Une Traviata sauvée de l'ennui par ses (jeunes) chanteurs au Teatro di San Carlo de Naples

Xl_la_traviata_au_teatro_di_san_carlo_de_naples © Luciano Romano

Pour la huitème fois en dix ans, la production de La Traviata imaginée en 2012 par le réalisateur turco-italien Ferzan Ozpetek (Hammam, Tableau de famille, La Fenêtre d’en face…) est reprise au Teatro di San Carlo de Naples, désormais dirigé, on le sait, par Stéphane Lissner. Le cinéaste transpose l’action dans les années 1910 (contre les 1850 du livret) dans un appartement bourgeois parisien mais décoré à la manière orientale – avec pouffes, tissus damassés sur les murs et autres narguilés de rigueur (scénographie de Dante Ferretti). Les beaux costumes d'Alessandro Lai complètent l’idée, avec des accessoires évocateurs de la mode turque, comme de nombreux fez placés sur les têtes masculines ou des turbans pour les femmes. Grand amateur de Proust, Ferzan Ozpetek dit s’être inspiré d’A la Recherche du temps perdu pour (re)contextualiser l’ouvrage de Giuseppe Verdi... L’immense escalier du II, à la fête de Flora, laisse bientôt place dans le dernier acte au lit presque mortuaire d'une Violetta plus rongée par la douleur de la solitude et des conventions que par la maladie. Mais pour étonnant que cela puisse paraître pour un homme de cinéma, la pauvreté des idées et une direction d’acteurs très relâchée et particulièrement statique suscitent l’ennui sur la durée.

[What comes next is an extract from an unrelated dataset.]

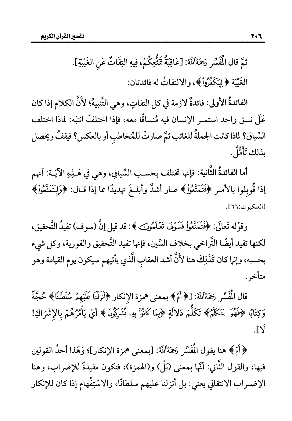 قال المُفَسِّر رَحَمَهُ اللهُ: [{أَمْ} بمعنى همزة الإِنكار {أَنْزَلْنَا عَلَيْهِمْ سُلْطَانًا} حُجَّةً وَكِتَابًا {فَهُوَ يَتَكَلَّمُ} تَكَلُّمَ دَلالَةٍ {بِمَا كَانُوا بِهِ يُشْرِكُونَ} أيْ يَأْمُرُهُمْ بِالإِشْرَاكِ! لَا].

Par bonheur, le chant verdien est porté haut ce soir, à commencer par la Violetta de Claudia Pavone. Un nom à retenir, même si cette superbe soprano italienne ne nous est pas inconnue, puisqu'on l'avait déjà chaleureusement applaudie dans un autre titre verdien au Festival de Macerata en 2019. La jeune cantatrice possède un séduisant timbre cuivré et dispose d’un métier déjà très sûr pour son âge. Le premier acte ne met en péril ni son émission, homogène et libre dans le registre aigu (le « Sempre libera » est couronné d’un magnifique contre-Mi bémol), ni une vocalisation aussi impeccable que puissamment projetée. L’évolution du personnage, de l’étourdissement passionnel à l’abattement et à la déréliction, du renoncement à l’amour jusqu’à la douleur et la mort, est rendue avec justesse et pudeur. Les accents toujours justes de la chanteuse trouvent à se déployer dans les grands moments de ferveur comme « Amami Alfredo », bouleversant en termes de puissance dramatique. Tout ce qui est écrit piano legato est également chanté avec un superbe raffinement tel le « Dite alla giovine », aux piani divinement dosés. Les colorations de l’air « Addio del passato » sont remarquables de variété et concourent à rendre très émouvante la mort de la phtisique, vécue de l’intérieur. Signalons qu’elle incarnera ce même rôle au Théâtre du Capitole la saison prochaine, pour ceux qui voudraient l’y découvrir !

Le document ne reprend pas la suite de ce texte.